■ Information supplied
##########

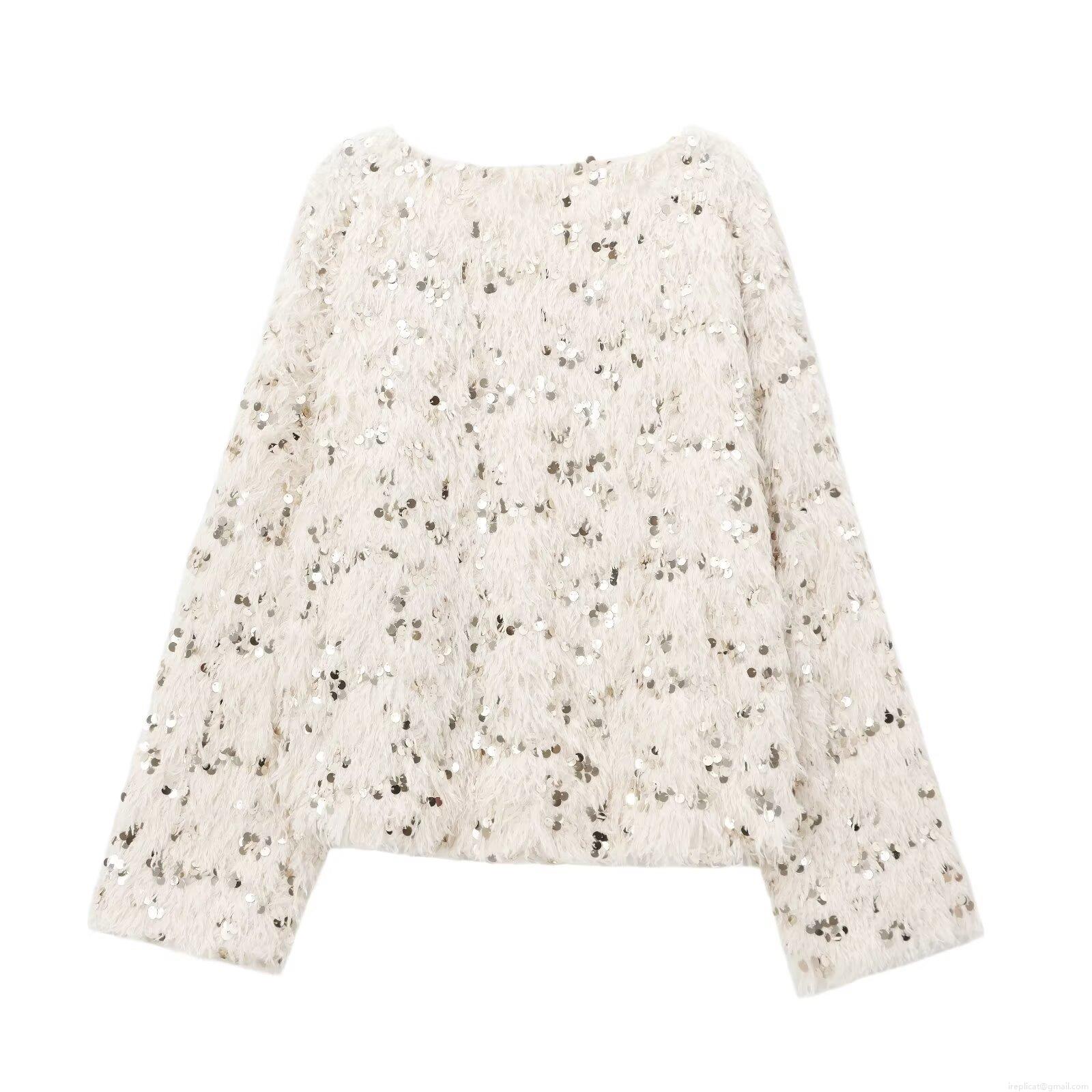 Women's Loose Round Neck Knit Sweater With Silver Sequins And Faux Feather Fringe Long Sleeve Plush Pullover Elegant Winter Party Streetwear Top
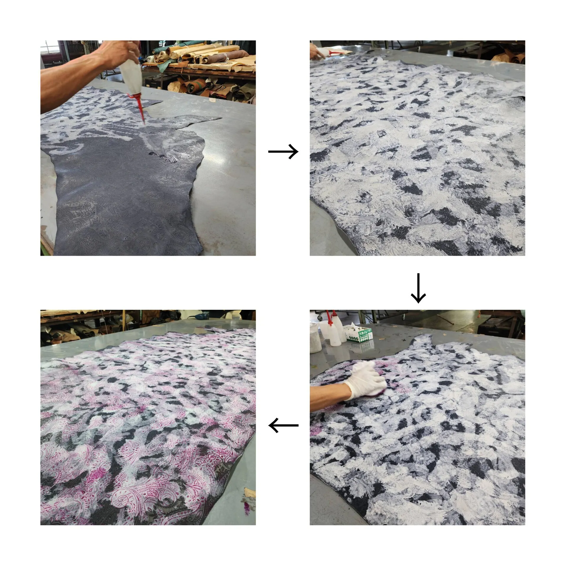 新しい革に生まれ変わらせる方法として、今回タンナーと協力し考案したのが、「W(ダブル)型押し」という手法です。300種類以上ある型のうち2種類を組み合わせたことが、その名の由来です。
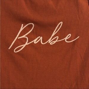 Stylish orange ribbed crop top featuring a chic 'Babe' print. Perfect for casual outings.
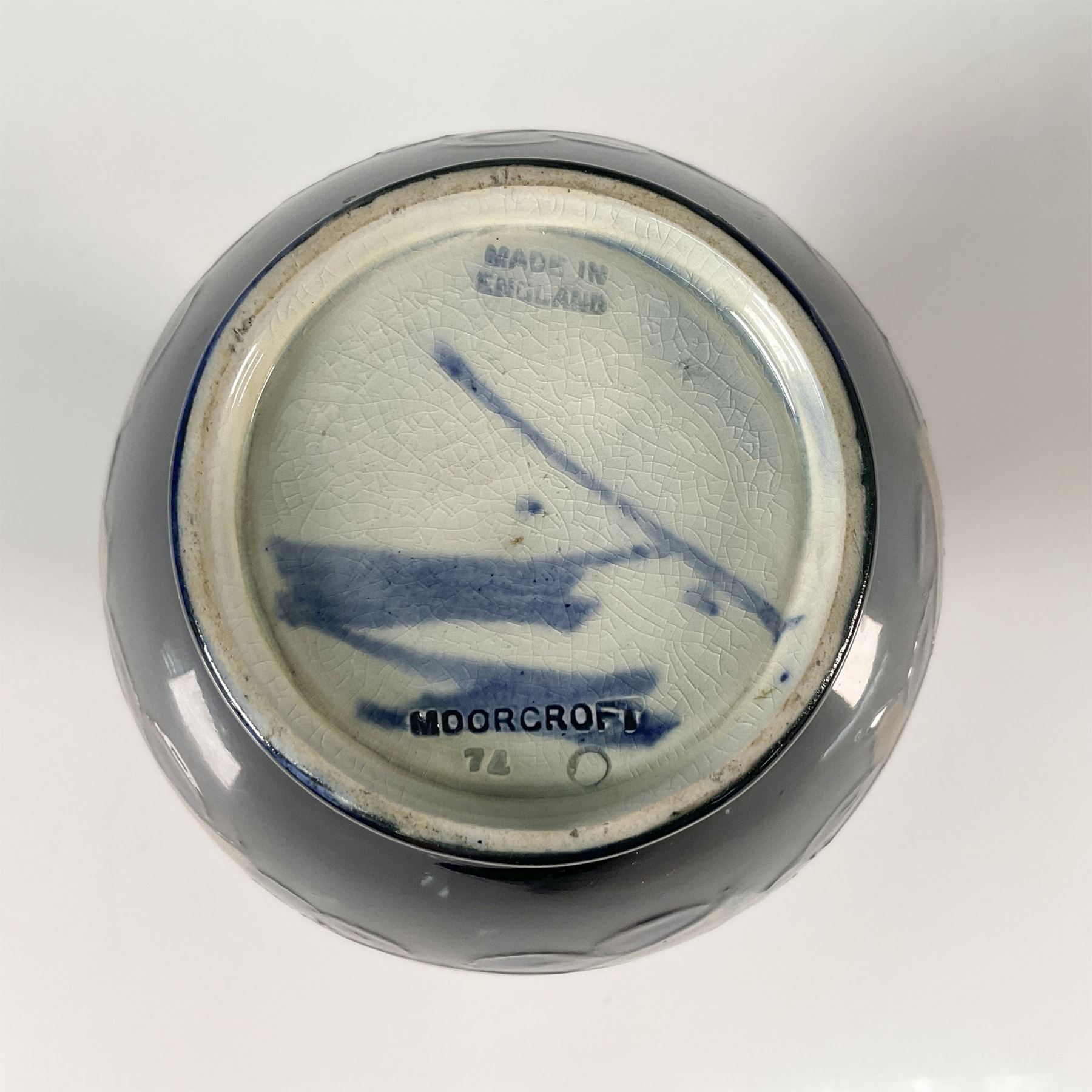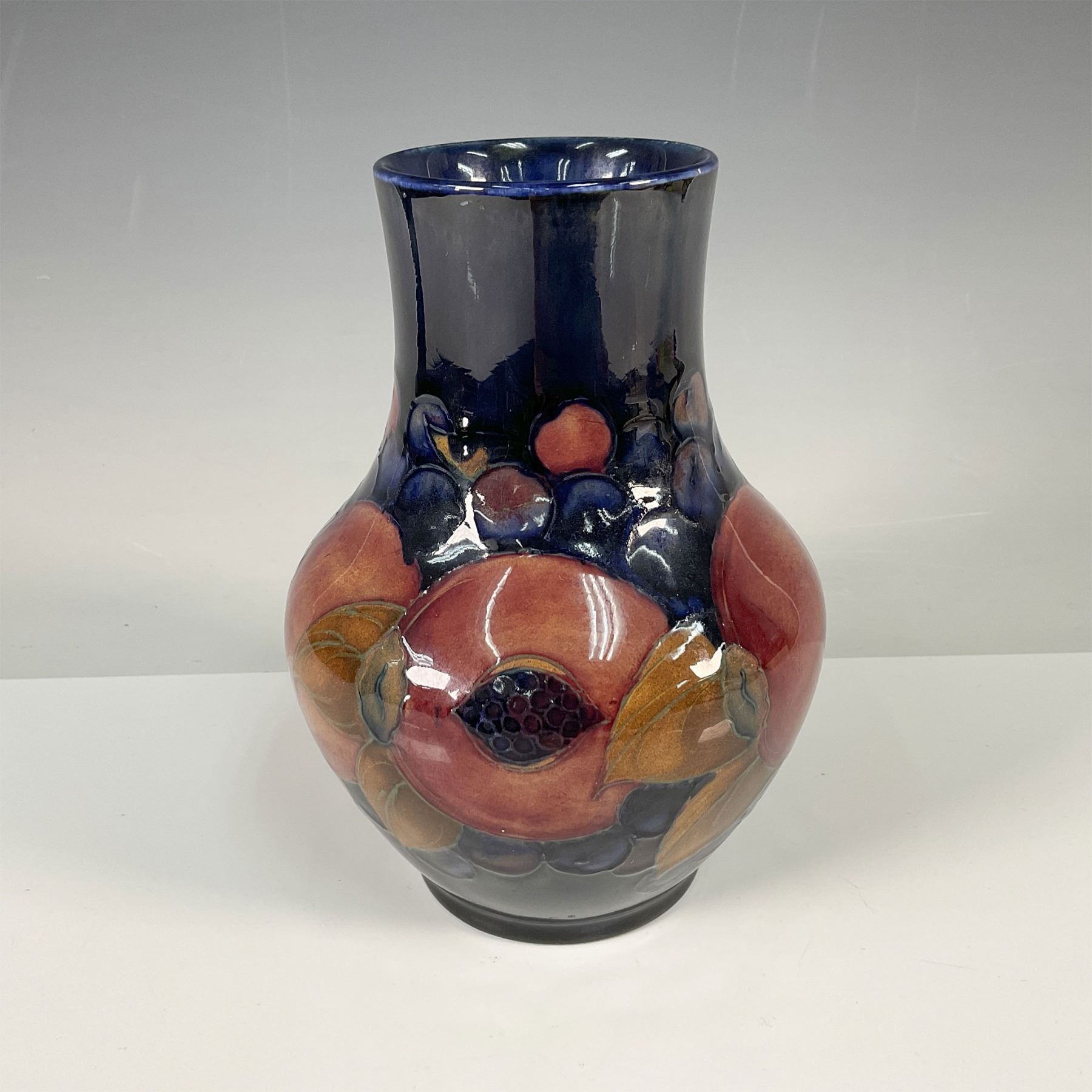 Moorcroft Pottery vase in the iconic Pomegranate pattern, featuring rich, hand-painted depictions of fruits in a vibrant palette of deep blues, reds, and oranges. This vase exemplifies Moorcroft's signature tube-lining technique, creating intricate, raised details. The base is marked "Moorcroft" and "Made in England," authenticating its origin. Measuring 6.75"H, this piece reflects the distinguished craftsmanship of early to mid-20th-century English art pottery.

##########

■ Exercise aim
Leave out the pictures and restate, word for word, the lines from the top of the data through the line containing "Stylish orange ribbed", both included.

■ Exercise result
 Women's Loose Round Neck Knit Sweater With Silver Sequins And Faux Feather Fringe Long Sleeve Plush Pullover Elegant Winter Party Streetwear Top
 新しい革に生まれ変わらせる方法として、今回タンナーと協力し考案したのが、「W(ダブル)型押し」という手法です。300種類以上ある型のうち2種類を組み合わせたことが、その名の由来です。
 Stylish orange ribbed crop top featuring a chic 'Babe' print. Perfect for casual outings.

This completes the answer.